(What to work on): Copy exactly the lines of the material below that fall between the line with "Viele Glas- und" and the line with "Planetgear .) Snekkedrev", both of those lines included; pictures stay out.

[Opening Given records section]

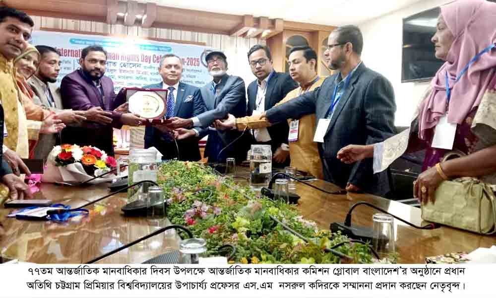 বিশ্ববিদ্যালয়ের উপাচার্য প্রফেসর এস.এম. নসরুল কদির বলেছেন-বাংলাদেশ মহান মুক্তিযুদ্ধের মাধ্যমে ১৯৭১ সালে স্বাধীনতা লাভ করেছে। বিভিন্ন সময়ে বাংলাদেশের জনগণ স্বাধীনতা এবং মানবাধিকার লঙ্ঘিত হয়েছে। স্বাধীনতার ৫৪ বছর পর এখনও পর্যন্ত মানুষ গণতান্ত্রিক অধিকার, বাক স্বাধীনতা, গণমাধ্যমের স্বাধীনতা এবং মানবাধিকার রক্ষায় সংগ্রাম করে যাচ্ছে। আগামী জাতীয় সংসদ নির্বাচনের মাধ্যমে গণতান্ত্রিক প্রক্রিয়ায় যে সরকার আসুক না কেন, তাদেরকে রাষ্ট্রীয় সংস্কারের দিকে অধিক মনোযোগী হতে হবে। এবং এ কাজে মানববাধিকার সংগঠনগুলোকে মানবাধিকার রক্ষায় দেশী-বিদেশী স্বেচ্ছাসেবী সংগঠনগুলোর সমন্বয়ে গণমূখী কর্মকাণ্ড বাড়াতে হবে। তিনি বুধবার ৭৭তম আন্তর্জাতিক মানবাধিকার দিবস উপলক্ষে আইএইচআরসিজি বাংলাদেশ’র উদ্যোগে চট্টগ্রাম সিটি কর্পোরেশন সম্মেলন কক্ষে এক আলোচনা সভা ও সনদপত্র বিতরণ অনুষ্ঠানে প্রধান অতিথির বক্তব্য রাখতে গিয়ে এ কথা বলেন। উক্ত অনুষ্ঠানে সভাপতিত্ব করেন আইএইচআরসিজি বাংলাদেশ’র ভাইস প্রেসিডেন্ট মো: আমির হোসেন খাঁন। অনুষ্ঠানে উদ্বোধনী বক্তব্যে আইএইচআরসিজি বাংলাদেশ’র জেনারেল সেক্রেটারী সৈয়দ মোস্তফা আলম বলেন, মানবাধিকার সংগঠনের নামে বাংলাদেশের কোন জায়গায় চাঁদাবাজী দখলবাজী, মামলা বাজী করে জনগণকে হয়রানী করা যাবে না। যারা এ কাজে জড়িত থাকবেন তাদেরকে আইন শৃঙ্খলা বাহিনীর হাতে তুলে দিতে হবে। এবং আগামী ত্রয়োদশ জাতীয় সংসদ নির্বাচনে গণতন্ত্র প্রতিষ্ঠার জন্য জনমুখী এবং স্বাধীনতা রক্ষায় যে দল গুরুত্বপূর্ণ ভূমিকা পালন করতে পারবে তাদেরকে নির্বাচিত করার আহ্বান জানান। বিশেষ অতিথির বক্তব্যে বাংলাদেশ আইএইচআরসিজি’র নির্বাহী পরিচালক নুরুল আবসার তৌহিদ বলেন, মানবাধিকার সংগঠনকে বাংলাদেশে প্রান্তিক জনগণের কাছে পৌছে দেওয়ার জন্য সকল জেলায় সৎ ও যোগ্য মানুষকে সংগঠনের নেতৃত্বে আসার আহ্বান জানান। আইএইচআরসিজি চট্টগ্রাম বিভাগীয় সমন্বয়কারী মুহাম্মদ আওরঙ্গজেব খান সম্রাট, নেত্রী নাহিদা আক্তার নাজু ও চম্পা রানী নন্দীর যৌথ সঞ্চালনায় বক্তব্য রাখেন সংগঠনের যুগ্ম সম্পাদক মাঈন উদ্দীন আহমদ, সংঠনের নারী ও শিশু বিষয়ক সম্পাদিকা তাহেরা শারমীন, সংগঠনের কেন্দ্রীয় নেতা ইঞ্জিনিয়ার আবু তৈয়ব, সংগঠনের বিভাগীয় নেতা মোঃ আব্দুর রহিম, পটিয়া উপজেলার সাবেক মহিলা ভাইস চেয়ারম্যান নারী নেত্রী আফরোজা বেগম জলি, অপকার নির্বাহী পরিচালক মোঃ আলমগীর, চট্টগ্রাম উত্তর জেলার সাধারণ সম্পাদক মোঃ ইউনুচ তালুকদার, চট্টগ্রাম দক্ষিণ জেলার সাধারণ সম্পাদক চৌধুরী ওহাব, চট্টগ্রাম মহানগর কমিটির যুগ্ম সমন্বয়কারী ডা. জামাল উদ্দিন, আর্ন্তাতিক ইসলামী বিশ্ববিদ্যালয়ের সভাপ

[Closing Given records section]
[Opening Given records section]

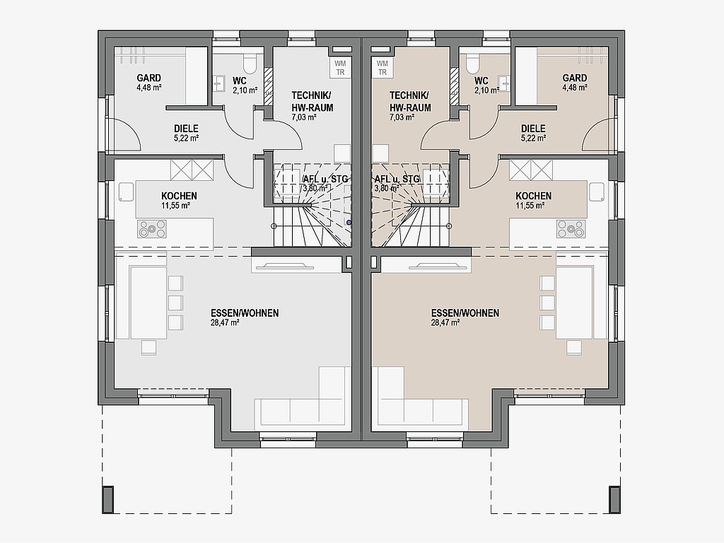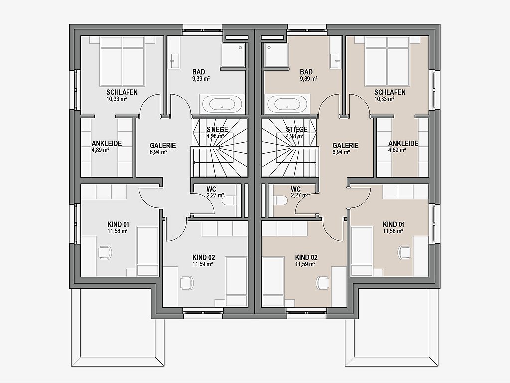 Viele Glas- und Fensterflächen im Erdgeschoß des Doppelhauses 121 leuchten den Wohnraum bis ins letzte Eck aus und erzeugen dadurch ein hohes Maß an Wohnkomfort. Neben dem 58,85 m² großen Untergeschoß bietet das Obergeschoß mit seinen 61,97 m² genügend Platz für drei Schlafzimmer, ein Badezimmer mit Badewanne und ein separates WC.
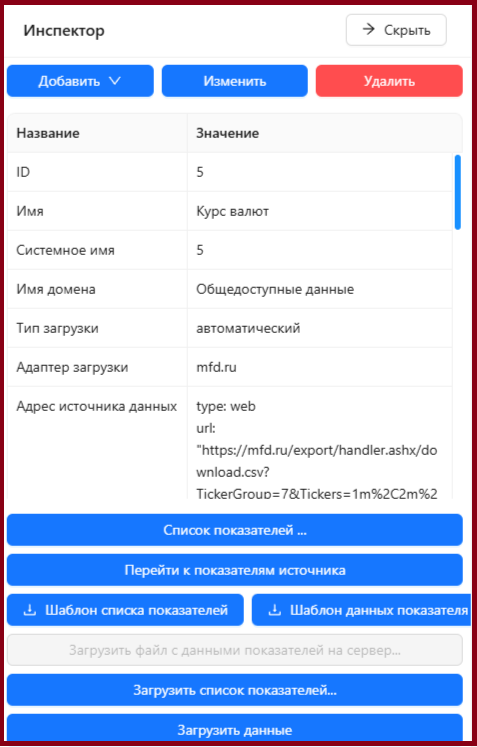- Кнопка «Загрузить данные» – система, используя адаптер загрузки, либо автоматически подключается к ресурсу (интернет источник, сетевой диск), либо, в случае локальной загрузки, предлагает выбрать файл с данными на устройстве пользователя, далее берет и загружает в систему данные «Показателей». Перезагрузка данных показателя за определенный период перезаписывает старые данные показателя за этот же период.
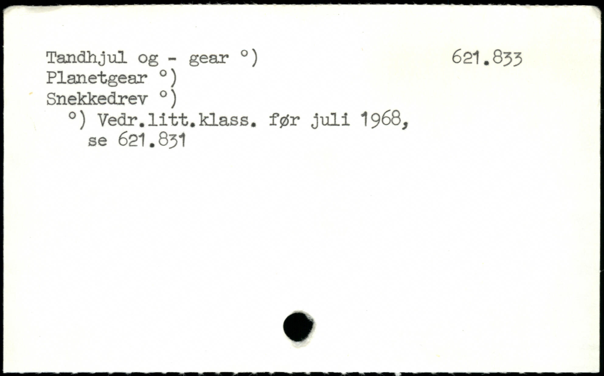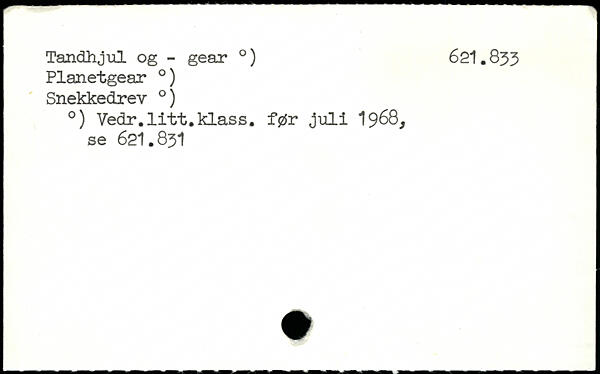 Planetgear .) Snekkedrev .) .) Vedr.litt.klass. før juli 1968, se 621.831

[Closing Given records section]

(Exercise output):
 Viele Glas- und Fensterflächen im Erdgeschoß des Doppelhauses 121 leuchten den Wohnraum bis ins letzte Eck aus und erzeugen dadurch ein hohes Maß an Wohnkomfort. Neben dem 58,85 m² großen Untergeschoß bietet das Obergeschoß mit seinen 61,97 m² genügend Platz für drei Schlafzimmer, ein Badezimmer mit Badewanne und ein separates WC.
- Кнопка «Загрузить данные» – система, используя адаптер загрузки, либо автоматически подключается к ресурсу (интернет источник, сетевой диск), либо, в случае локальной загрузки, предлагает выбрать файл с данными на устройстве пользователя, далее берет и загружает в систему данные «Показателей». Перезагрузка данных показателя за определенный период перезаписывает старые данные показателя за этот же период.
 Planetgear .) Snekkedrev .) .) Vedr.litt.klass. før juli 1968, se 621.831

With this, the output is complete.